Casimir energy with chiral fermions on a quantum computer

TL;DR

This paper explores how to compute Casimir energy for chiral fermions using quantum computers, demonstrating the setup, accuracy, and scalability of such calculations with potential applications in physics and cosmology.

Contribution

It introduces a method to calculate Casimir energy for chiral fermions on quantum computers using VQE and compares lattice and continuum results, highlighting scalability and accuracy.

Findings

The calculation accuracy improves with more qubits.

The number of Pauli terms scales with qubits.

Lattice and continuum results are consistent for free fields.

Abstract

In this paper we discuss the computation of Casimir energy on a quantum computer. The Casimir energy is an ideal quantity to calculate on a quantum computer as near term hybrid classical quantum algorithms exist to calculate the ground state energy and the Casimir energy gives physical implications for this quantity in a variety of settings.
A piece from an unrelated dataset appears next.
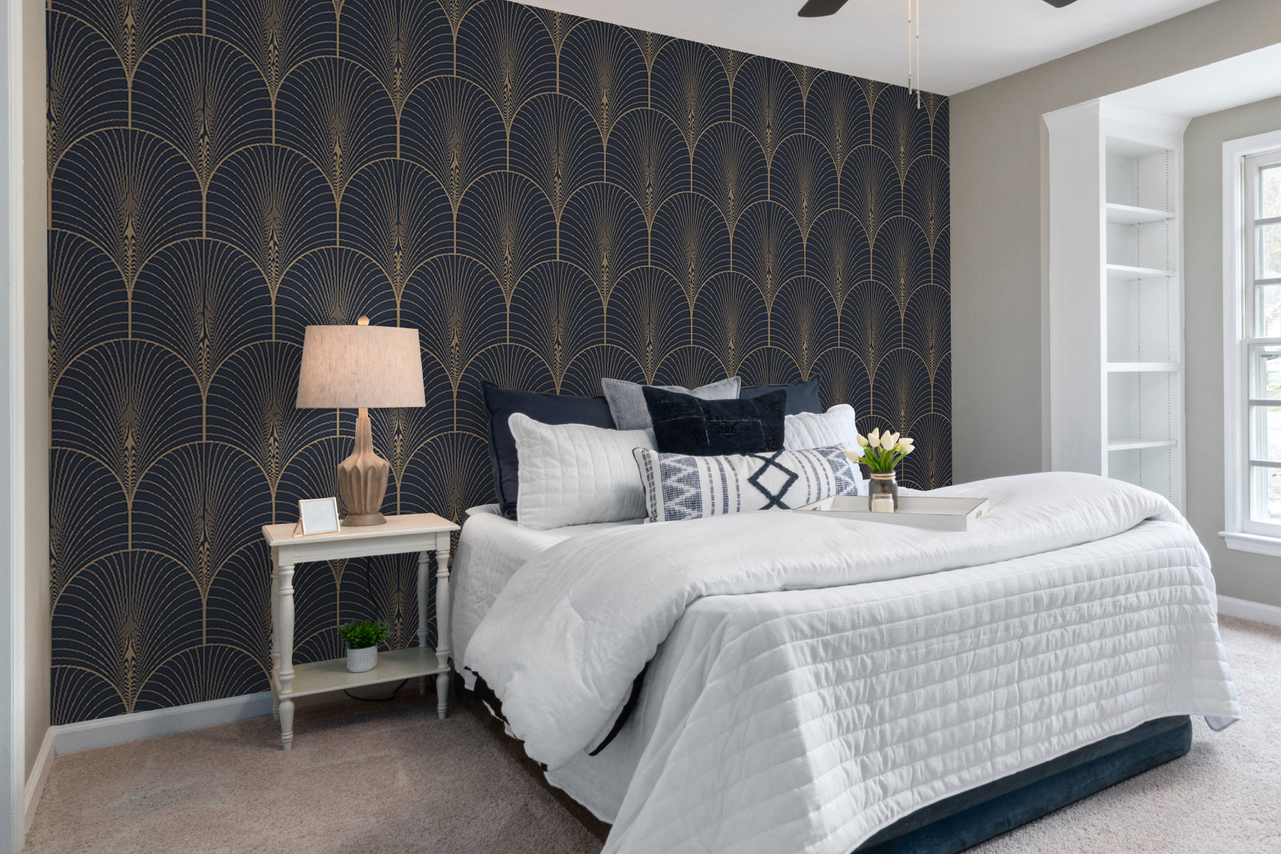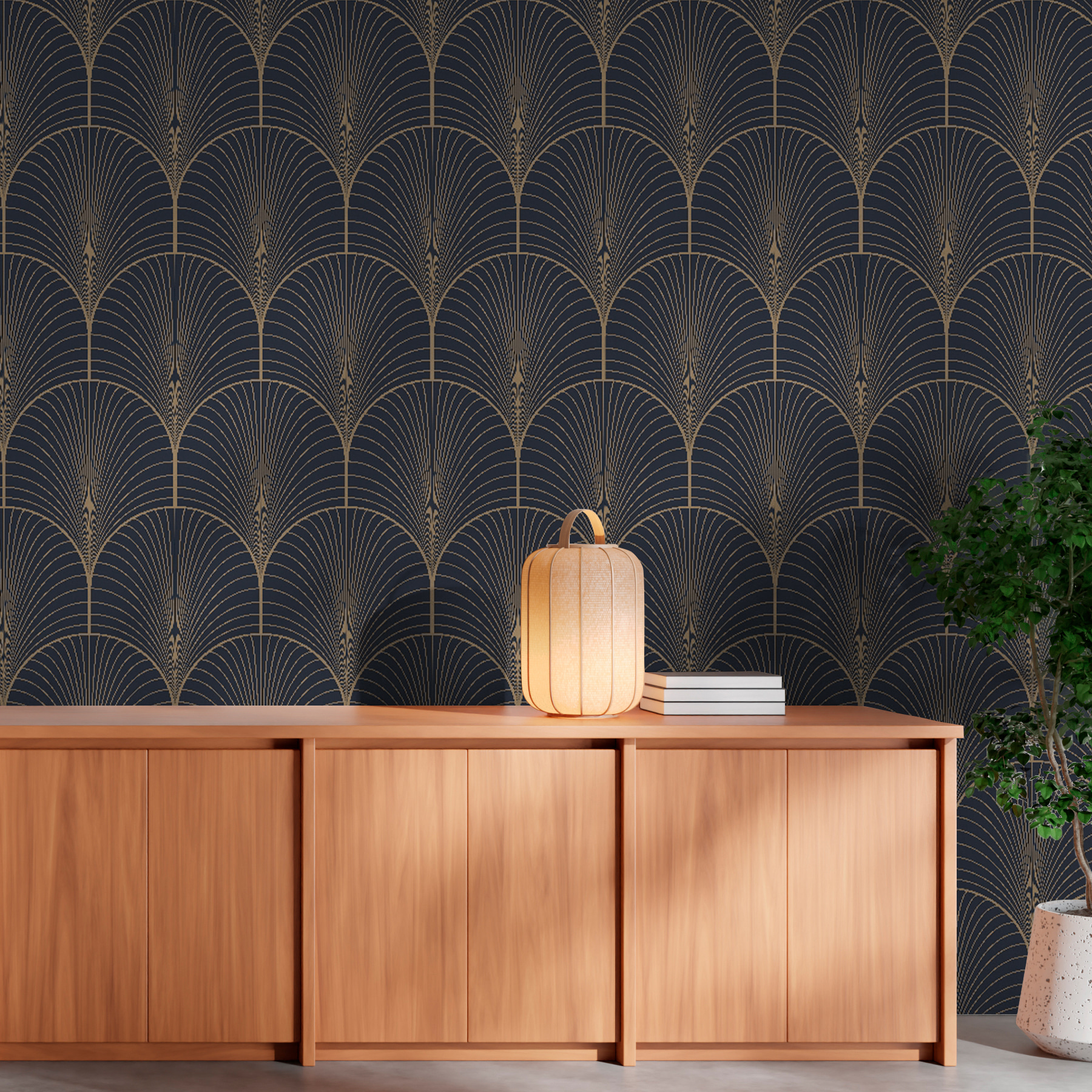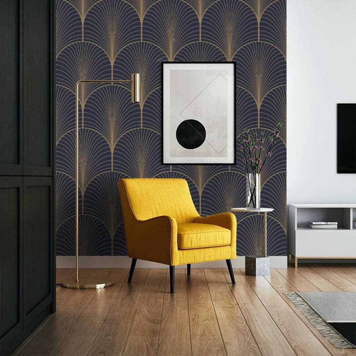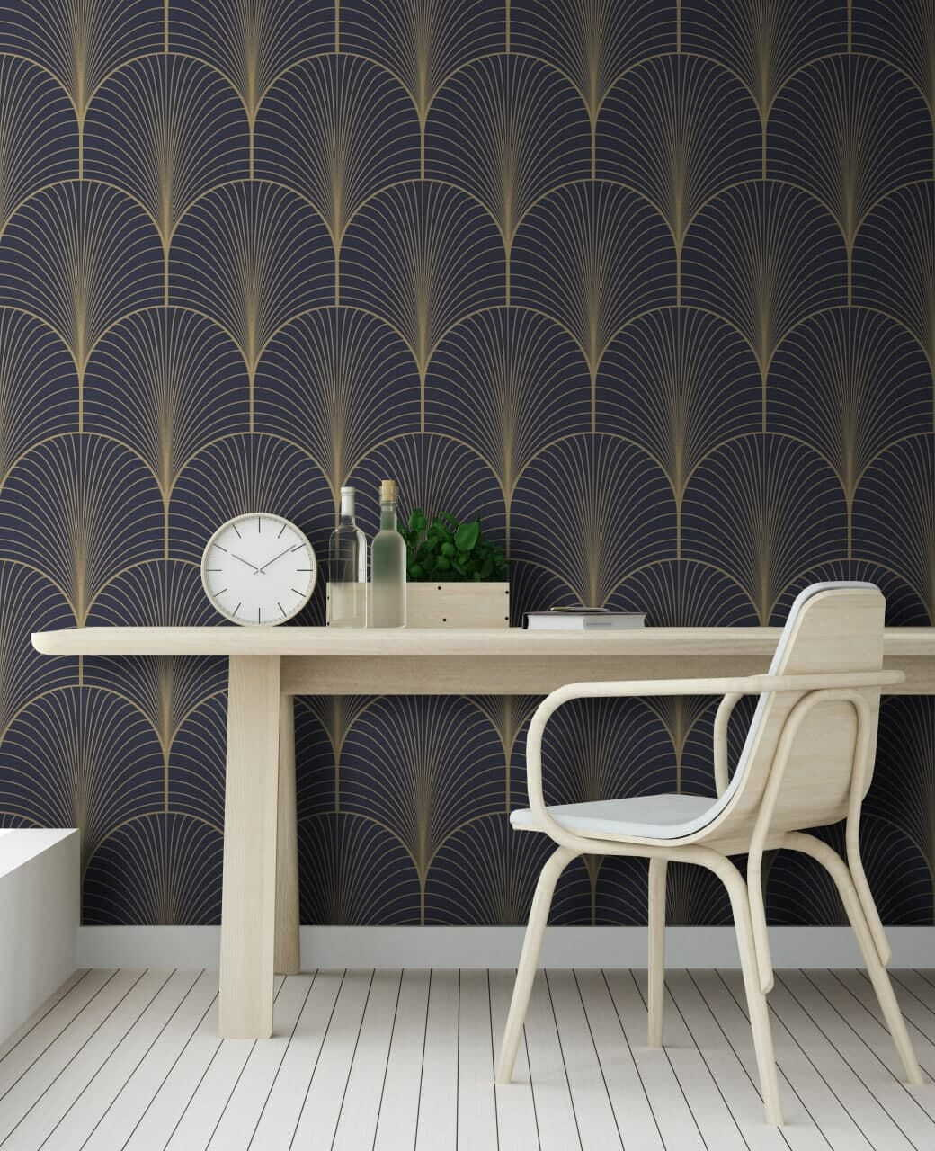 Transforme su espacio con la elegancia de este mural de abanico art decó. Imagínese esto: entrar en una habitación donde sus paredes están adornadas con elegantes curvas y líneas, dando un ambiente sofisticado instantáneo. Es como tener una pieza de arte atemporal que aporta un toque moderno. Casi puedes oír el jazz sonar suavemente mientras te tomas un café, sintiéndote inspirado y animado. Ya sea en un acogedor rincón de lectura o en una moderna sala de estar, este mural añade carácter sin ser abrumador. Es perfecto para iniciar una conversación: ¡espera a que lleguen tus amigos y no puedan evitar admirar el estilo que has creado!

Depending on boundary conditions and whether the field is bosonic or fermionic we illustrate how the Casimir energy calculation can be set up on a quantum computer and calculated using the Variational Quantum Eigensolver algorithm with IBM QISKit. We compare the results based on a lattice regularization with a finite number of qubits with the continuum calculation for free boson fields, free fermion fields and chiral fermion fields. We use a regularization method introduced by Bergman and Thorn to compute the Casimir energy of a chiral fermion. We show how the accuracy of the calculation varies with the number of qubits. We show how the number of Pauli terms which are used to represent the Hamiltonian on a quantum computer scales with the number of qubits. We discuss the application of the Casimir calculations on quantum computers to cosmology, nanomaterials, string models, Kaluza Klein models and dark energy.